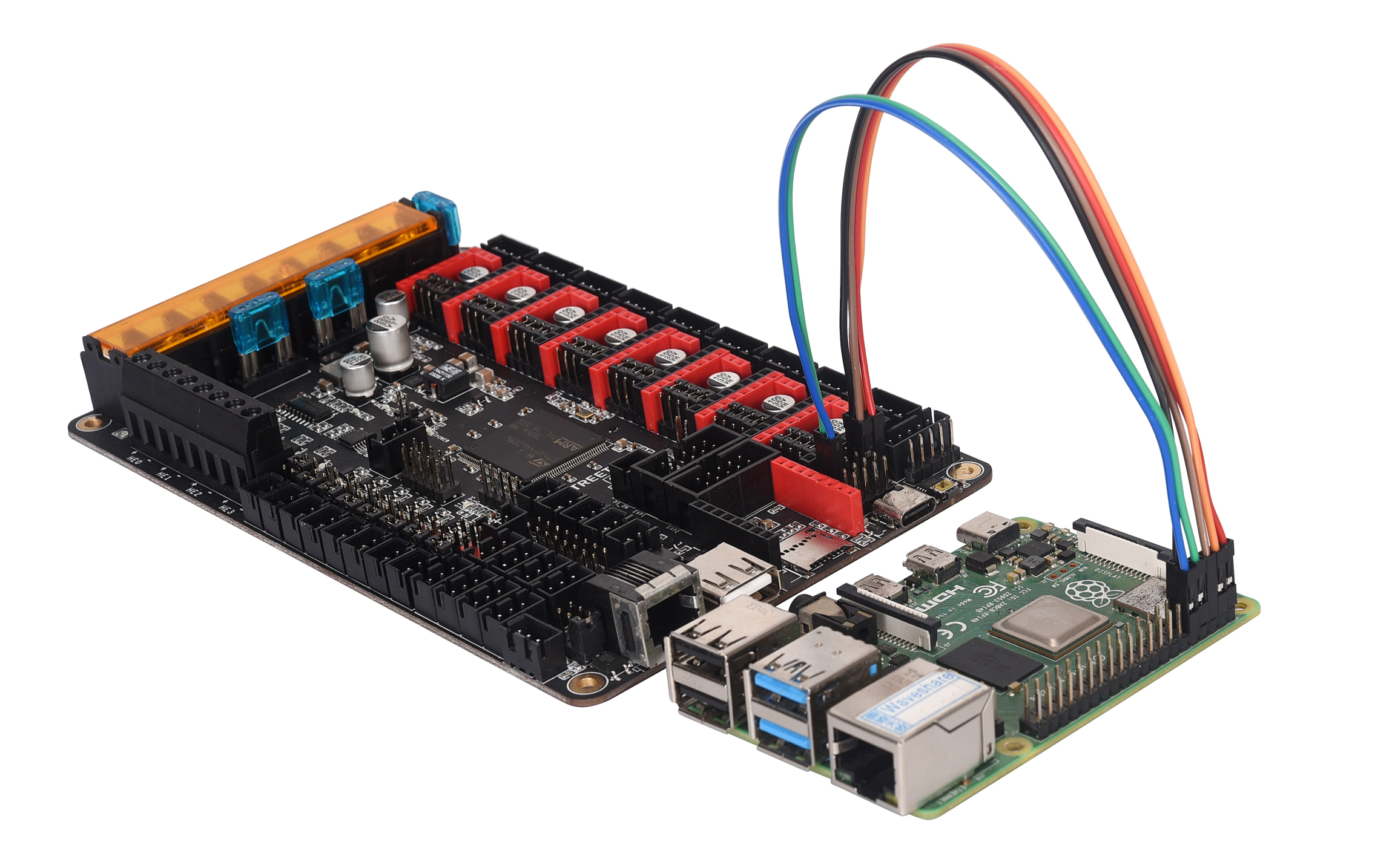 MCU de 32b ARM Cortex-M4 STM32F446ZET6 con una frecuencia de reloj de 180MHz y 512kB de memoria flash siendo esta versión la más aconsejable para firmwares Klipper o Marlin
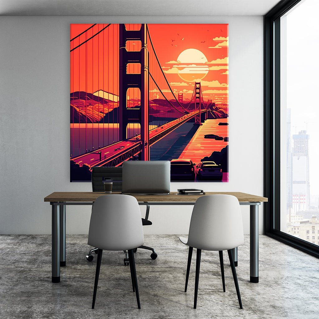 The image shows the Golden Gate Bridge in San Francisco at sunset in vector art, with the sky in the background glowing in vibrant orange and red tones. The bridge itself is depicted in various shades of black, red and orange and is the foreground of the image.
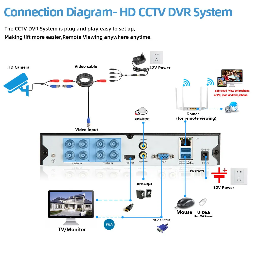 Простая настройка, всего 4 шага для просмотра мобильный телефон, просмотра видео в режиме реального времени из любого места и в любое время с помощью смартфона, стола или ПК с передовой технологией P2P, вы можете получить удаленный доступ к вашей системе за считанные минуты или меньше, нет необходимости в переадресации, удаленный доступ никогда не был таким простым!
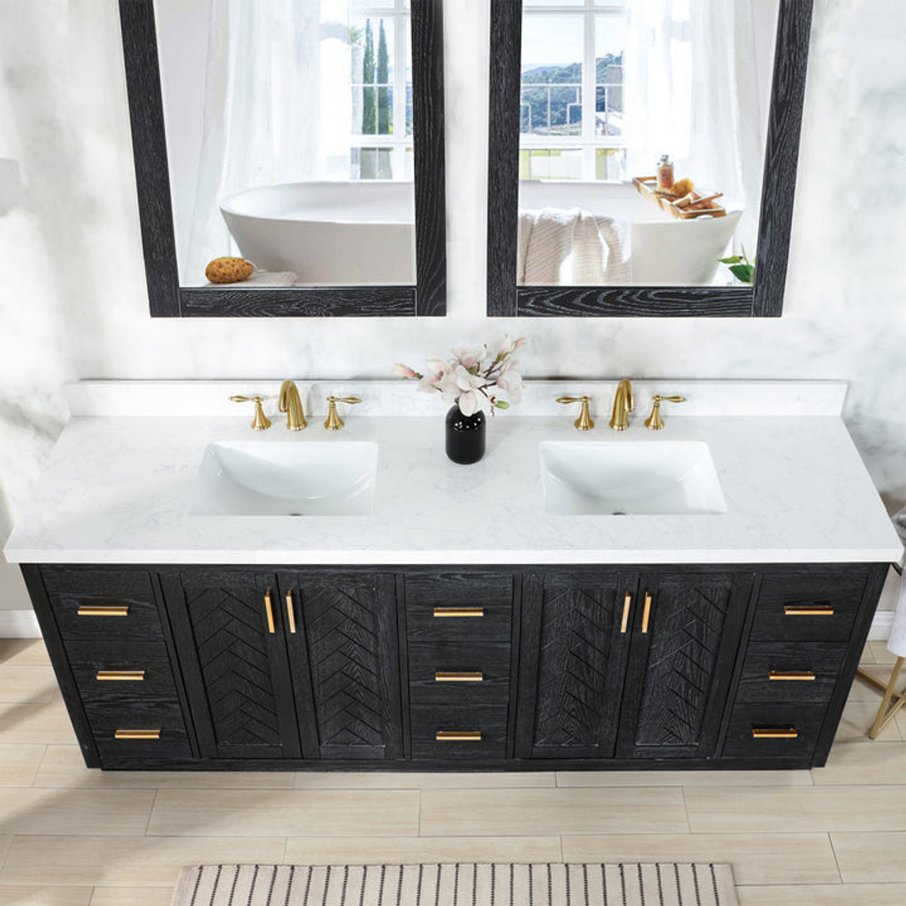Clarity&main 84" Double Bathroom Vanity Set with Grain White Engineered Stone Countertop
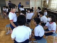 1ツ星「中間リフレクション」として、伝え方や聞き方について、振り返りの話合いをして、後半のやり取りに活かすという手法を工夫しました。子どもたちからは「ゆっくり話すとよい」「大きな声で」「アイコンタクトが大切」など、コミュニケーションの際のポイントが出されましたひらめき
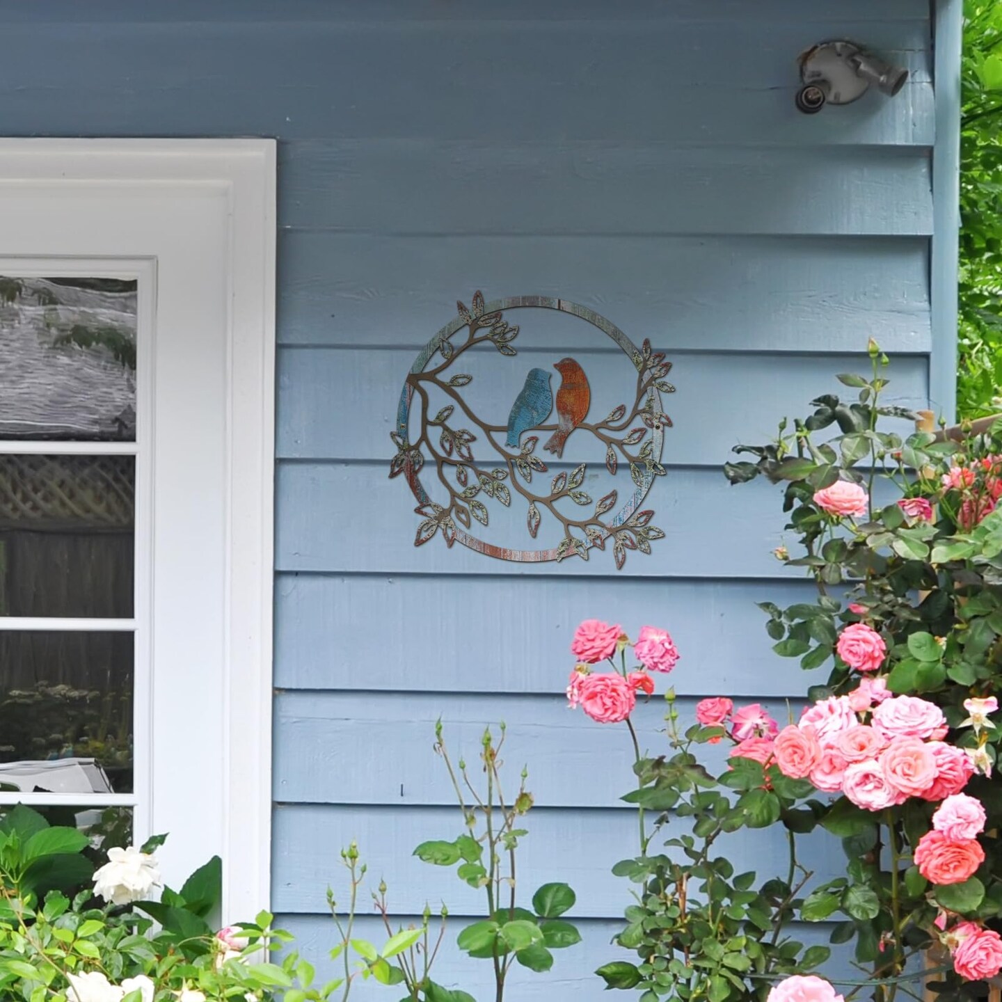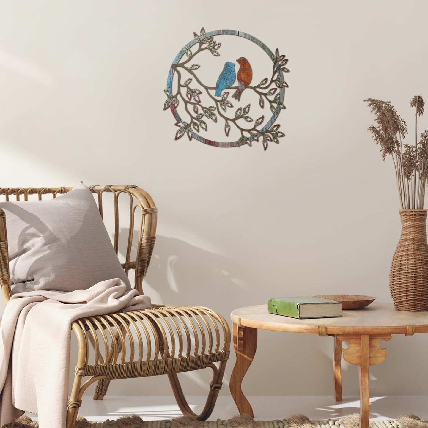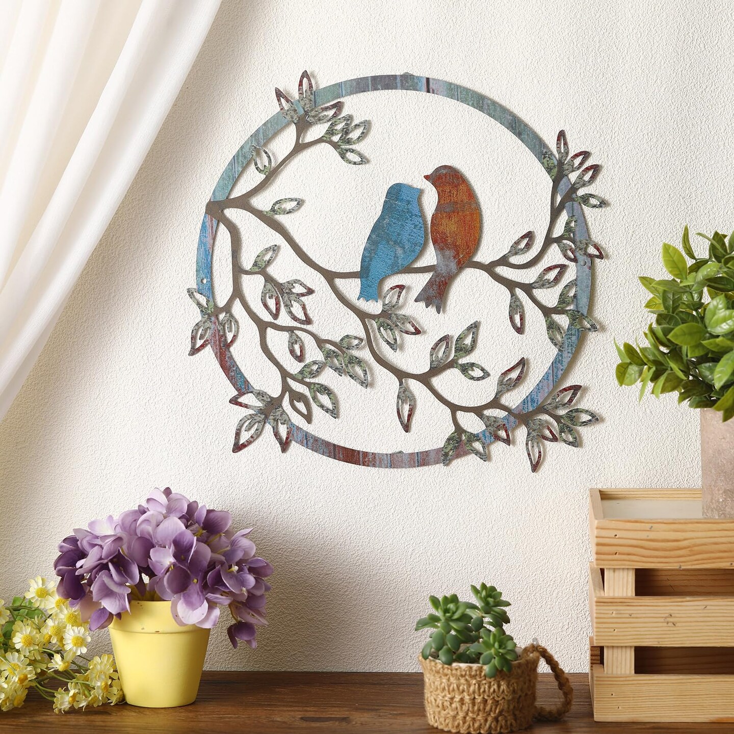Metal Wall Art Bird on Tree Branch Silhouette Bird Art Decor for Living Room Garden Bedroom Office Home Wall Housewarming Party Decor(Retro Color)
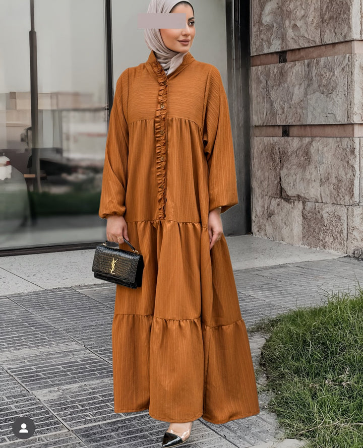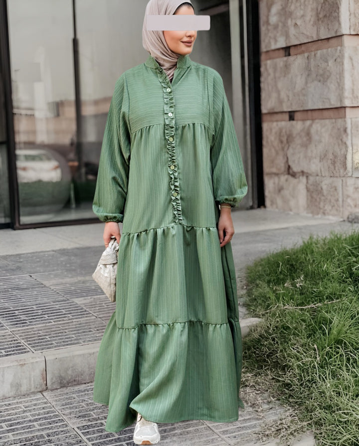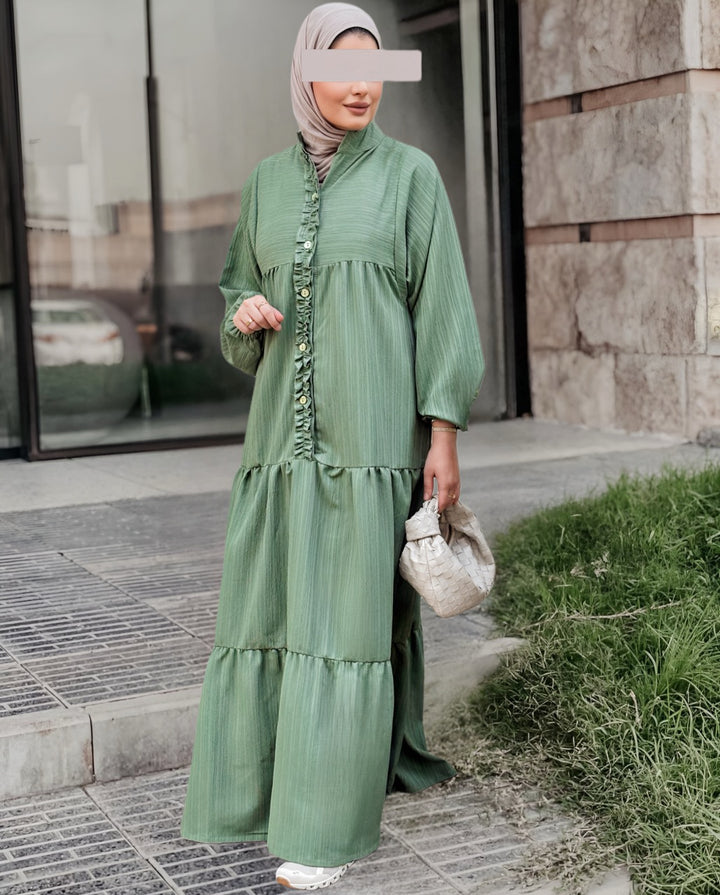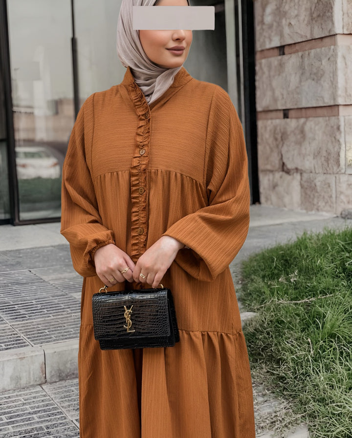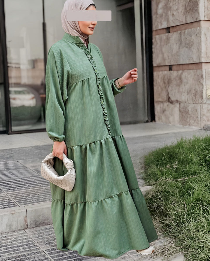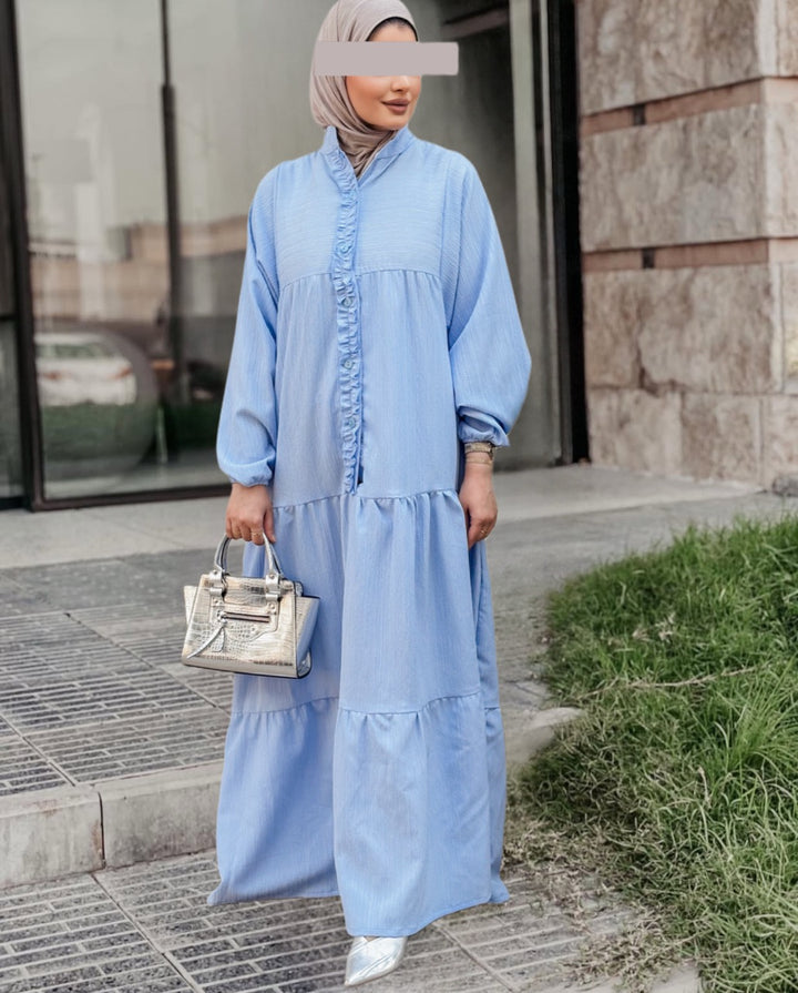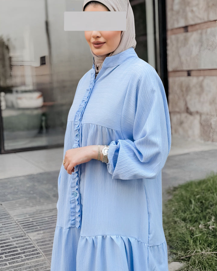 استمتعي بإطلالة صيفية ناعمة ومريحة مع هذا الفستان الكتان الصيفي المصنوع من قماش خفيف وبارد يمنحك راحة طوال اليوم مع لمسة أنثوية راقية. يأتي بتصميم طويل وفضفاض بأكمام منفوخة وتفاصيل أنيقة مثل الأزرار الأمامية والكشكشة الناعمة على الصدر، مما يضيف للفستان طابعًا بسيطًا لكنه لافت.

======

Required action:
Repeat the entries word for word and skip the pictures.

Exercise result:
 MCU de 32b ARM Cortex-M4 STM32F446ZET6 con una frecuencia de reloj de 180MHz y 512kB de memoria flash siendo esta versión la más aconsejable para firmwares Klipper o Marlin
 The image shows the Golden Gate Bridge in San Francisco at sunset in vector art, with the sky in the background glowing in vibrant orange and red tones. The bridge itself is depicted in various shades of black, red and orange and is the foreground of the image.
 Простая настройка, всего 4 шага для просмотра мобильный телефон, просмотра видео в режиме реального времени из любого места и в любое время с помощью смартфона, стола или ПК с передовой технологией P2P, вы можете получить удаленный доступ к вашей системе за считанные минуты или меньше, нет необходимости в переадресации, удаленный доступ никогда не был таким простым!
Clarity&main 84" Double Bathroom Vanity Set with Grain White Engineered Stone Countertop
 1ツ星「中間リフレクション」として、伝え方や聞き方について、振り返りの話合いをして、後半のやり取りに活かすという手法を工夫しました。子どもたちからは「ゆっくり話すとよい」「大きな声で」「アイコンタクトが大切」など、コミュニケーションの際のポイントが出されましたひらめき
Metal Wall Art Bird on Tree Branch Silhouette Bird Art Decor for Living Room Garden Bedroom Office Home Wall Housewarming Party Decor(Retro Color)
 استمتعي بإطلالة صيفية ناعمة ومريحة مع هذا الفستان الكتان الصيفي المصنوع من قماش خفيف وبارد يمنحك راحة طوال اليوم مع لمسة أنثوية راقية. يأتي بتصميم طويل وفضفاض بأكمام منفوخة وتفاصيل أنيقة مثل الأزرار الأمامية والكشكشة الناعمة على الصدر، مما يضيف للفستان طابعًا بسيطًا لكنه لافت.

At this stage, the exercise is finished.